8. An electrical connector according to claim 2, further comprising:

at least two mutually engaging claw projections on said socket; and

said at least two claw projections being of a type substantially preventing separation of said bottom surface.

9. An electrical connector assembly comprising:

a socket;

said socket having a downwardly extending left and right fixing wing disposed along a front portion of a left and right side surface respectively of said socket;

said fixing wings are L-shaped having a foot part;

said foot part extending downward toward a circuit board;

said socket also having a downwardly extending left and right fixing leg disposed along a rear portion of a left and right side surface respectively of said socket affixable to said circuit board;

a plug;

said plug removably fitted within said socket;

said fixing wings and said fixing legs projecting beyond a bottom surface of said socket whereby said socket is accurately positioned relative to an external connection element and said circuit board; and

said fixing legs projecting away from said socket substantially parallel with said external connection element, whereby said fixing legs provide extending protection for said external connection element.

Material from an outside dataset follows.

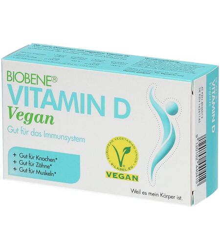 Nahrungsergänzungsmittel sind kein Ersatz für eine ausgewogene und abwechslungsreiche Ernährung und eine gesunde Lebensweise. BIOBENE® VITAMIN D Vegan ist ein wertvolles Nahrungsergänzungsmittel, das von Experten entwickelt wurde. Vitamin D trägt zur Funktions- und Gesunderhaltung des Immunsystems bei, sowie zur Erhaltung normaler Knochen zur Erhaltung einer normalen Muskelfunktion zur Erhaltung normaler Zähne Dies hat sogar die Europäische Behörde für Lebensmittelsicherheit in einem strengen wissenschaftlichen Prüfverfahren bestätigt. Die Bedeutung von VITAMIN D Das fettlösliche Vitamin D nimmt unter den Vitaminen eine Sonderstellung ein, weil es im menschlichen Körper durch Sonnenbestrahlung (UVB-Licht!) gebildet werden kann. Vitamin D regelt den Calcium- und Phosphatstoffwechsel und fördert dadurch die Mineralisierung und Härtung des Knochens. Darüber hinaus ist es an vielen weiteren Stoffwechselvorgängen im Körper beteiligt (wie zB Muskelstoffwechsel, Infektabwehr). Vitamin D kommt in zwei Formen vor, die zusammen auch als Calciferole bezeichnet werden. Es wird zwischen dem pflanzlichen Vitamin D2 (Ergocalciferol) und dem tierischen Vitamin D3 (Cholecalciferol) unterschieden. Lange Zeit gab es veganes Vitamin D nur als Vitamin D2, das vom Körper erst aufwendig umgewandelt werden musste. Vitamin D3 ist in der Regel tierischen Ursprungs (Wollwachs von Schafen) und ist nicht vegan. Das besondere an BIOBENE® VITAMIN D Vegan ist die pflanzliche Herkunft des Vitamin D3 - zu 100% rein pflanzlichen Ursprungs, hergestellt aus Algen. Zudem ist es chemisch ident mit Vitamin D3 tierischen Ursprungs und überzeugt hinsichtlich Qualität und Reinheit sowie Bioverfügbarkeit. Referenzwerte für VITAMIN D Vitamin D wird in μg (Mikrogramm) oder in internationalen Einheiten (IE) angegeben. 1 μg entspricht 40 IE bzw. 1 IE = 0,025 μg. BIOBENE® VITAMIN D Vegan wurde von der Veganen Gesellschaft Österreichs sowie von der British Vegan Society zertifiziert und trägt neben dem V-Label auch die Vegan Blume.Zutaten: Trennmittel: Magnesiumsalze der Speisefettsäuren Füllstoff: Cellulose, mikrokristalline Kapselhülle (Hydroxypropylmethylcellulose) Nährwerte: Durchschnittliche Nährwerte: pro 1 Kapsel NRV* pro 2 Kapseln NRV* Vitamin D 25 µg (1.000 IE) 500 % 50 µg (2.000 I.E) 1000 % Verzehrempfehlung:Abhängig vom persönlichen Vitamin D Wert, 1-2 Kapseln täglich zur Nahrungsergänzung mit einem Glas Flüssigkeit am besten zu oder nach einer fetthaltigen Mahlzeit über einen Zeitraum von mindestens 3 Monaten einnehmen.Hinweis:Die angegebene empfohlene tägliche Verzehrmenge darf nicht überschritten werden. Aufbewahrung: Kühl (6-25 °C) und lichtgeschützt lagern. Außerhalb der Reichweite von Kindern aufbewahren.Nettofüllmenge:60 KapselnHersteller:Natural Products & Drugs GmbHA - 9800 Spittal an der Drau Österreich ...

10. An electrical connector assembly according to claim 9, further comprising:

an insulative housing; and

said insulative housing being disposed within said socket.

11. An electrical connector assembly according to claim 8, further comprising:

a left and right longitudinally extending slot disposed along a rearward left and right side surface respectively of said socket;

a left and right longitudinally extending projection disposed along a left and right side respectively of said insulative housing;

said plug removably fitting within said socket;

said left and right longitudinally extending projections guidable along said left and right longitudinally extending slots.

12. An electrical connector assembly comprising:

a socket;

said socket having a downwardly extending left and right fixing wing disposed along a front portion of a left and right side surface respectively of said socket;

said fixing wings are L-shaped having a foot part;

said foot part extending downward toward a circuit board;

said socket also having a downwardly extending left and right fixing leg disposed along a rear portion of a left and right side surface respectively of said socket affixable to said circuit board;

a plug;

said plug removably fitting within said socket; and

at least one downwardly extending bridge projection disposed along a bottom surface of said socket.

13. An electrical connector assembly according to claim 12, further comprising:

at least two mutually engaging claw projections on said socket; and

said at least two claw projections being of a type substantially preventing separation of said bottom surface.